A Media Distributor must perform its role in properly forwarding media packets while taking measures to mitigate the adverse effects of denial of service attacks (refer to Section 8) to a level equal to or better than traditional conferencing (i.e. non-PERC) deployments.
A Media Distributor or associated conferencing infrastructure may also initiate or terminate various conference control related messaging, which is outside the scope of this framework document.
The call processing function is untrusted in the simple, general deployment scenario. When a physical subset of the call processing function resides in facilities outside the trusted domain, it should not be trusted to have access to E2E key information.
The call processing function may include the processing of call signaling messages, as well as the signing of those messages. It may also authenticate the endpoints for the purpose of call signaling and subsequently joining of a conference hosted through one or more Media Distributors. Call processing may optionally ensure the privacy of call signaling messages between itself, the endpoint, and other entities.
From the PERC model system perspective, entities considered trusted (refer to Figure 1) can be in possession of the E2E media encryption keys for one or more conferences.

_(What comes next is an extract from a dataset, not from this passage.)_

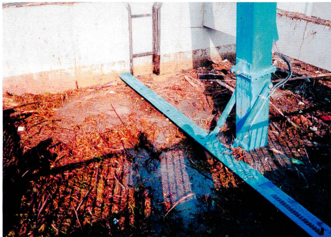
Bild 4. Harke greift vor den Schwemmgutteppich.

Eine Seilrechenreinigungsanlage mit Querförderer hätte dies nie bewältigen können und ein Abstellen der Turbinen wäre unumgänglich gewesen. Mit dem hydraulischen Rechenreiniger aber konnte der Kraftwerks-

An endpoint is considered trusted and has access to E2E key information. While it is possible for an endpoint to be compromised, subsequently performing in undesired ways, defining endpoint resistance to compromise is outside the scope of this document. Endpoints take measures to mitigate the adverse effects of denial of service attacks (refer to Section 8) from other entities, including from other endpoints, to a level equal to or better than traditional conference (i.e., non-PERC) deployments.

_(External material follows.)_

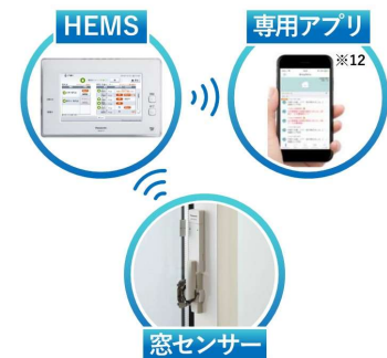
窓施錠解錠開閉見守りシステム

自然災害時の安心だけでなく日常の安心も確保するため、窓施錠解錠開閉見守りシステムを全邸に設置します。警察庁のデータによると、泥棒などの侵入窃盗犯罪数は一戸建てが多く、一番狙われやすいのは窓からの侵入です ※11 。センサーを設置した窓の施錠状態を HEMS モニターでまとめて確認できるほか、外出中に窓が開いた時にはスマートフォン ※12 への通知も行うため、速やかに異常を知ることができます。まち全体で防犯意識を向上させることで、安心して永く暮らせるまちづくりをサポートします。

The Key Distributor, which may be colocated with an endpoint or exist standalone, is responsible for providing key information to endpoints for both end-to-end (E2E) and hop-by-hop (HBH) security and for providing key information to Media Distributors for the hop-by-hop security.
Interaction between the Key Distributor and the call processing function is necessary for proper conference-to-endpoint mappings. This is described in Section 5.3.
The Key Distributor needs to be secured and managed in a way to prevent exploitation by an adversary, as any kind of compromise of the Key Distributor puts the security of the conference at risk.
The purpose for this framework is to define a means through which media privacy is ensured when communicating within a conferencing environment consisting of one or more Media Distributors that only switch, hence not terminate, media. It does not otherwise attempt to hide the fact that a conference between endpoints is taking place.
This framework reuses several specified RTP security technologies, including Secure Real-time Transport Protocol (SRTP) [RFC3711], Encrypted Key Transport (EKT) [I-D.ietf-perc-srtp-ekt-diet], and DTLS-SRTP [RFC5764].
This solution framework focuses on the end-to-end privacy and integrity of the participant's media by limiting access to only trusted entities to the E2E key used for authenticated end-to-end encryption. However, this framework does give a Media Distributor access to RTP headers and all or most header extensions, as well as the ability to modify a certain subset of those headers and to add header extensions. Packets received by a Media Distributor or an endpoint are authenticated hop-by-hop.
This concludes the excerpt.